0001 - Rewriting to Microservices

Date: 2025-12-25

Status

Accepted

Context

The first version of the project (v1) has been developed in circumstances where AI was a core tool of development to speed up the process. The main issues were then produced not by the tool, but by how the tool was used.

Three main mistakes while using this tool were:

To give too much freedom for deciding how to build the system
No context awareness. The AI didn’t have access to the project and was used on the web.
Lack of knowledge on networking.

These problems led to poor code quality and a high amount of antipatterns. Including non respect of Open/Closed and Liskov Principles. The code ended becoming a huge spaghetti where a single change led to a change to at least five different files and classes.

Also, the code was designed to work on local with a singular tenant.
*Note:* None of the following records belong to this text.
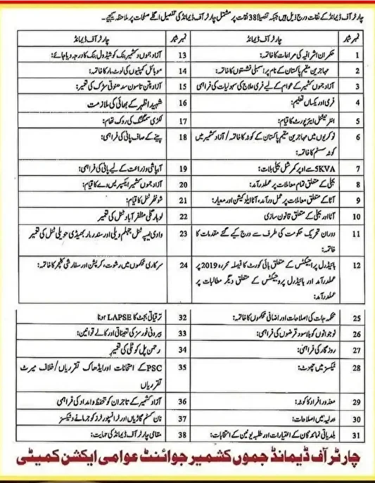 بیان کے مطابق ’عوامی ایکشن کمیٹی نے پاکستان یا اس کی مسلح افواج کے خلاف کوئی مہم شروع نہیں کی۔ یہ تحریک مکمل طور پر پرامن اور آئینی ہے اور اس کا مقصد صرف کشمیری عوام کے سماجی، معاشی اور سیاسی حقوق کو یقینی بنانا ہے۔‘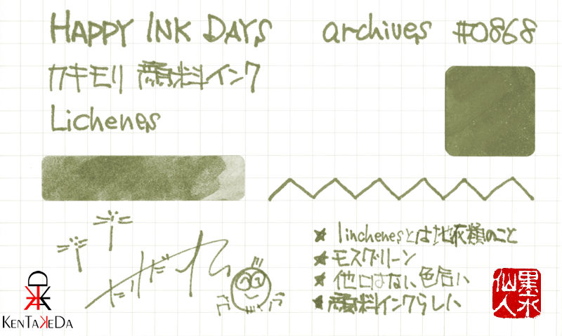 Lichinesとは、地衣類のことで、わかりやすく言うと苔。つまりこれはモスグリーンになる。ただ、染料系のインクと違って、マット感が出るので、濃厚な感じのモスグリーンのように見える。みずみずしさというよりも、もっこり感というか。そんな感じだろうか。
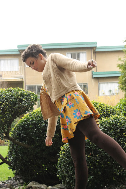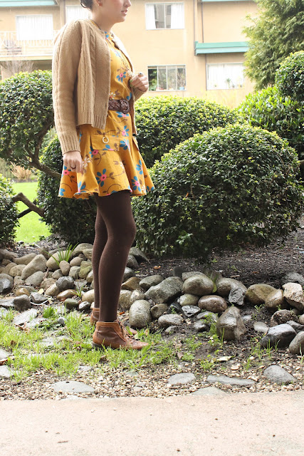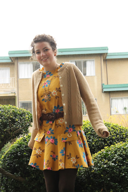 Why this Outfit Works: Someone might have looked at that loud and retro dress and thought there was no way to work this piece. I looked at it and saw a little bowl of ice cream with some maple syrup on top. I loved it. Put it with some plain brown tights, and a plain (different texture) sweater, and this outfit works.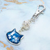 ブルーキャットスターキーホルダー 青い猫フェイスモチーフに星を散りばめたキーホルダー メタルビーズ 金具変更可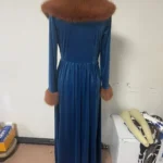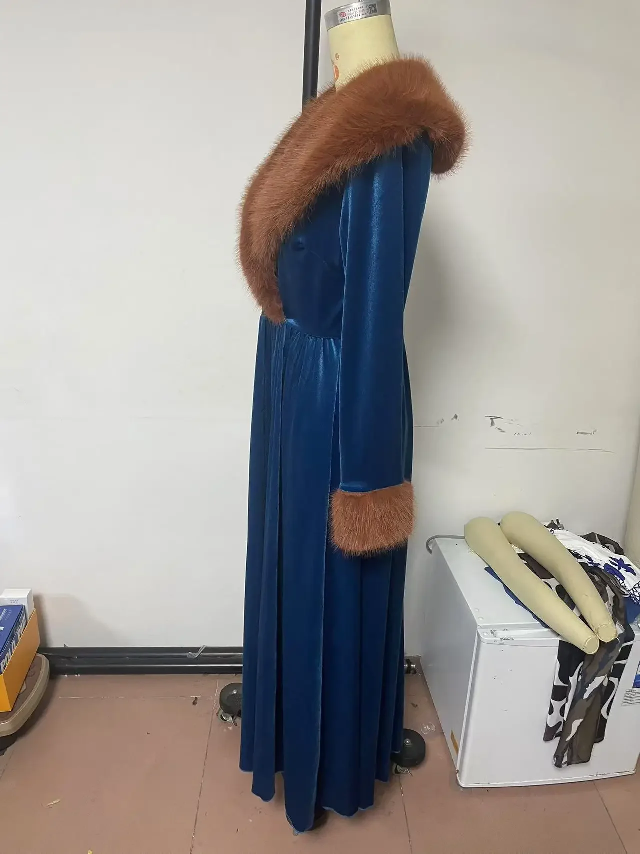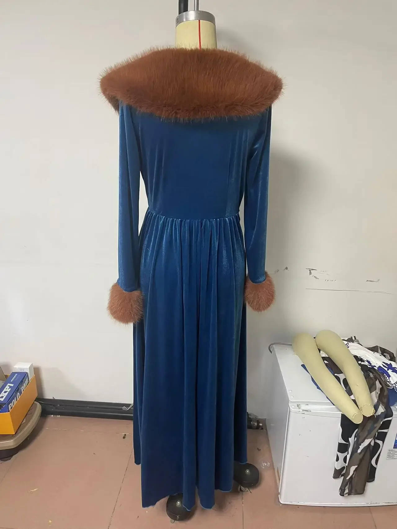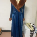 Elegant Women’s Dress Autumn and Winter Fashion New Long Sleeve Long Thickened Gold Velvet Dress Fur Collar Coat Dress 2024
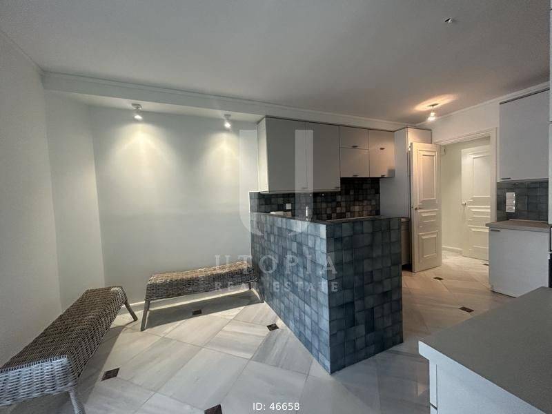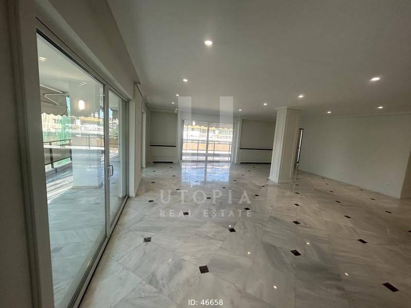 In the most aristocratic corner of Palaio Faliro, just a breath away from the iconic beach, a residence emerges that goes beyond simple living and transforms into an experience of high aesthetics. This property has been renovated with modern specifications, where contemporary architecture meets timeless neoclassical elegance in a perfectly balanced composition. Marble floors, clean lines, and carefully selected details create an atmosphere of discreet luxury that is felt from the very first moment. The reception area hints at the level of the residence, leading to a living-dining room imposing in volume and brightness, designed to host guests with comfort and prestige. The fireplace, elegant and timeless, adds character and warmth, while the overall feeling of the space exudes nobility and absolute harmony. The independent kitchen with a breakfast bar is a space of high functionality and aesthetics, ideal for those who love everyday comfort without any compromise on design. The three bedrooms serve as private suites of tranquility, with generous storage spaces and perfectly organized wardrobes. The master suite is a true personal luxury retreat, with an impressive walk-in closet and a neoclassically inspired bathroom that evokes a spa-like atmosphere, combining a bathtub and shower in a setting of absolute relaxation. The second bathroom, clad in black marble, features more modern, dynamic lines and completes the experience of high aesthetics, while the guest WC serves hospitality needs with elegance. The apartment includes an especially spacious and functional laundry room inside the home, designed to accommodate a washing machine, dryer, and additional equipment, while maintaining the aesthetic and luxury of the space. It is an organized, independent area that ensures practicality without compromising on elegance, ideal for modern daily life. The enormous perimeter corner balconies with uninterrupted sea views function as a private terrace of a luxury residence, a space ideal for lounge seating, dinners under the sky, or moments of relaxation with the Saronic Gulf as a backdrop. The new electric blinds enhance the sense of exclusivity and comfort, transforming the outdoor area into an extension of the indoor living space. The residence is complemented by two exceptionally spacious underground parking spaces and a 20 sqm private storage room. This is a property of rare quality, designed for those seeking a lifestyle of prestige, absolute comfort, and daily contact with the sea.

The plan to extend the code to multi-tenancy was impossible to produce in a good amount of time. Moreover, the code was produced using Python, which led to the infeasibility to scale properly using a monolith because of the GIL.

The v1 also had a major flaw in its networking. The library used to simplify the coding phase was really unstable and was subject to a massive rewrite as Twitch migrated away from IRC towards EventSub using webhooks and websockets. This led to the v1 to often have zombie processes where the heartbeat wouldn’t come through and no reconnect attempts were made. The library deliberately hid the access to the raw websocket and its lifecycle making the creation of a supervisor tedious and infeasible.

In order to keep on working on the multi-tenancy, the entire codebase would need refactoring and with the lack of knowledge, the use of AI would have made things worse and a dependency for the feasibility of the project.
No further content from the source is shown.